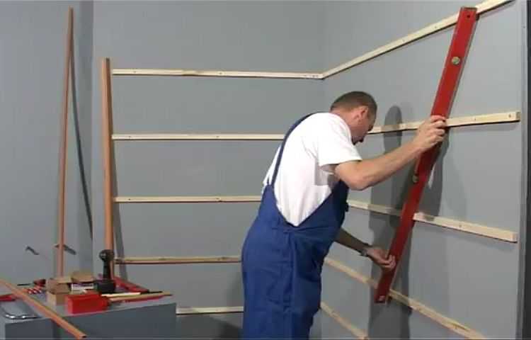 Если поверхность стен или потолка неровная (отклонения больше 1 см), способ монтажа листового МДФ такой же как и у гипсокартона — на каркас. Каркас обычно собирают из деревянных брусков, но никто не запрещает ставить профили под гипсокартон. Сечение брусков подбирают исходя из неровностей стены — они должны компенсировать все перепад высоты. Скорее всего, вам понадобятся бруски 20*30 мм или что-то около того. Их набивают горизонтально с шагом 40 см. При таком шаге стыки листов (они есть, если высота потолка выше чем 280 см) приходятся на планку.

--

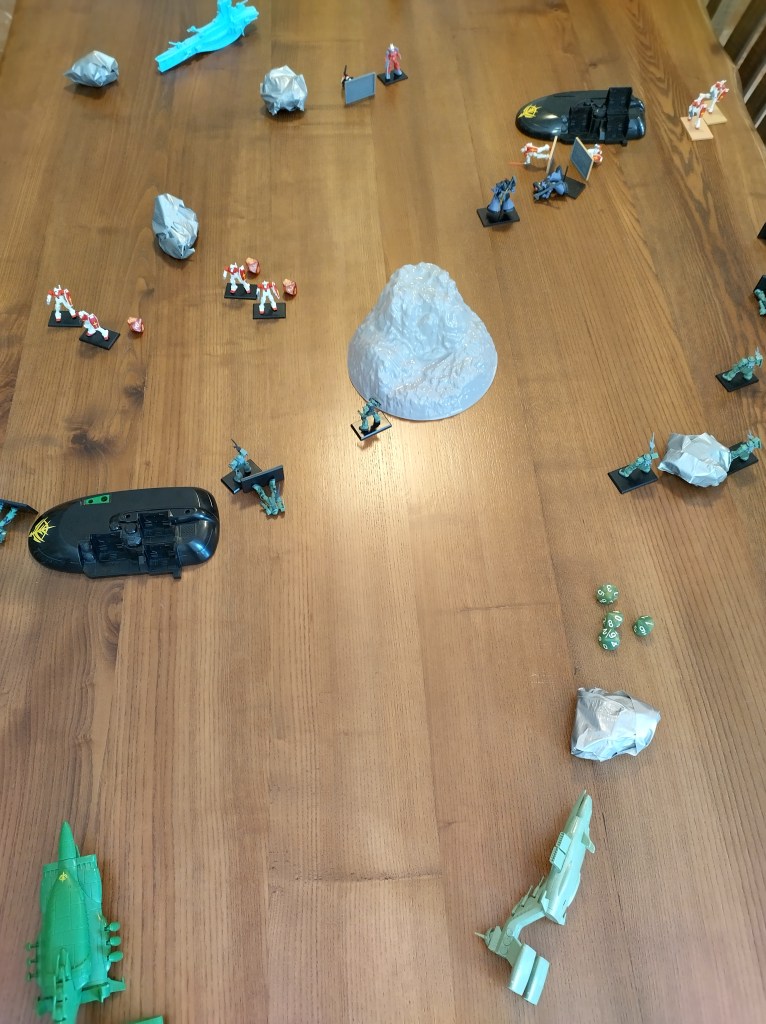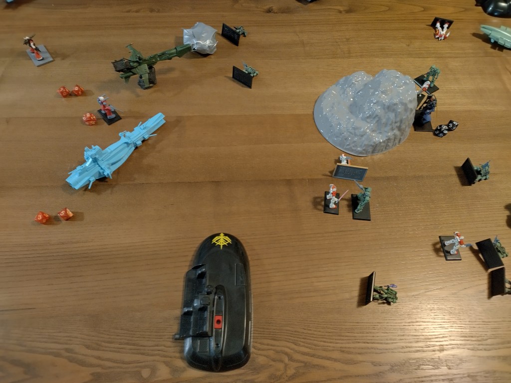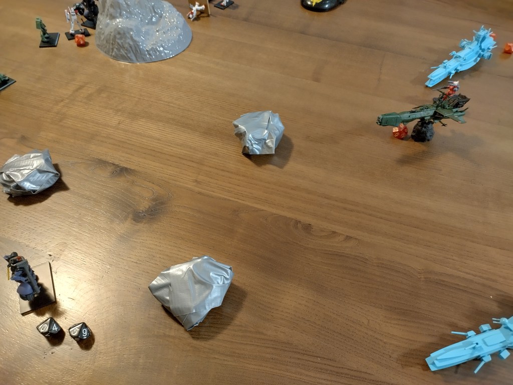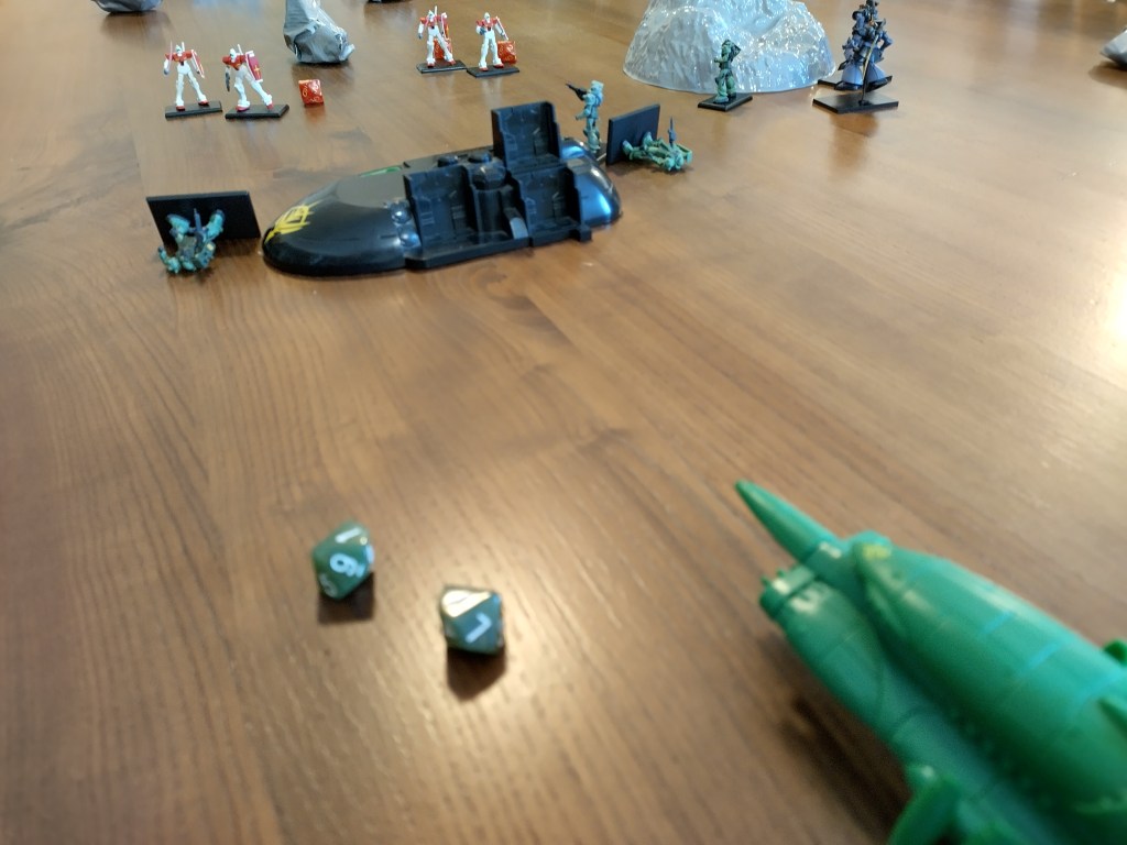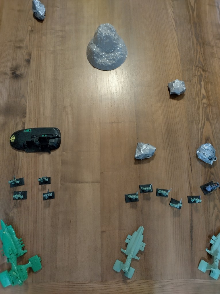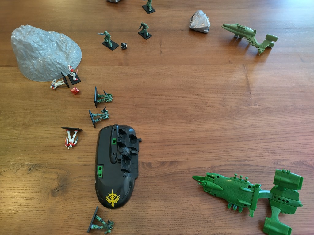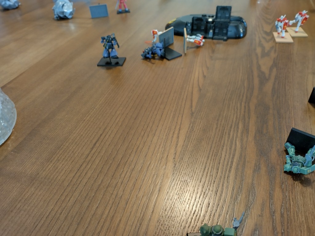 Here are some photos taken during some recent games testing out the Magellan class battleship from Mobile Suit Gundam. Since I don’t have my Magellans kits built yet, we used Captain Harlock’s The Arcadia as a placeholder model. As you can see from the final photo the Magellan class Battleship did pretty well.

==

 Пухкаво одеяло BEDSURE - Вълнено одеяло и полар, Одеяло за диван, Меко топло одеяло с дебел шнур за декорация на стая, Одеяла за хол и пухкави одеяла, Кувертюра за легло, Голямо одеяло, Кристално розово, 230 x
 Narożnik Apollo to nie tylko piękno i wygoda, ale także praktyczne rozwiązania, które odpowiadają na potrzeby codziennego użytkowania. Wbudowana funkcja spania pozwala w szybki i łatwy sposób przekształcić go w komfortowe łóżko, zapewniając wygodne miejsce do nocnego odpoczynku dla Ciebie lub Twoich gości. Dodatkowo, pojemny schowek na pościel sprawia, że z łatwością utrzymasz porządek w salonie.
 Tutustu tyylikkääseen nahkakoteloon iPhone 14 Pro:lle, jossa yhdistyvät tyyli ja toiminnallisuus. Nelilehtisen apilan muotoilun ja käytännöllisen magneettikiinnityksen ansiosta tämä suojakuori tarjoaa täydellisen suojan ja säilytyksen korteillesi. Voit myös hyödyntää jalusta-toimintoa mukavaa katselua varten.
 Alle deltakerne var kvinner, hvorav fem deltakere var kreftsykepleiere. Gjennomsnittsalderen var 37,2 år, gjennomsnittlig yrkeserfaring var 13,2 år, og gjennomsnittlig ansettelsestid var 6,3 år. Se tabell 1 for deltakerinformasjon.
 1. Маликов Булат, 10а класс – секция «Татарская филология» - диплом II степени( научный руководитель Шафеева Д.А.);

PROBLEM STATEMENT — Look above for the line with "Пухкаво одеяло BEDSURE" and the line with "Tutustu tyylikkääseen nahkakoteloon"; transcribe both and all lines in between, exactly, and nothing else.

RESULT OF THE TASK —
 Пухкаво одеяло BEDSURE - Вълнено одеяло и полар, Одеяло за диван, Меко топло одеяло с дебел шнур за декорация на стая, Одеяла за хол и пухкави одеяла, Кувертюра за легло, Голямо одеяло, Кристално розово, 230 x
 Narożnik Apollo to nie tylko piękno i wygoda, ale także praktyczne rozwiązania, które odpowiadają na potrzeby codziennego użytkowania. Wbudowana funkcja spania pozwala w szybki i łatwy sposób przekształcić go w komfortowe łóżko, zapewniając wygodne miejsce do nocnego odpoczynku dla Ciebie lub Twoich gości. Dodatkowo, pojemny schowek na pościel sprawia, że z łatwością utrzymasz porządek w salonie.
 Tutustu tyylikkääseen nahkakoteloon iPhone 14 Pro:lle, jossa yhdistyvät tyyli ja toiminnallisuus. Nelilehtisen apilan muotoilun ja käytännöllisen magneettikiinnityksen ansiosta tämä suojakuori tarjoaa täydellisen suojan ja säilytyksen korteillesi. Voit myös hyödyntää jalusta-toimintoa mukavaa katselua varten.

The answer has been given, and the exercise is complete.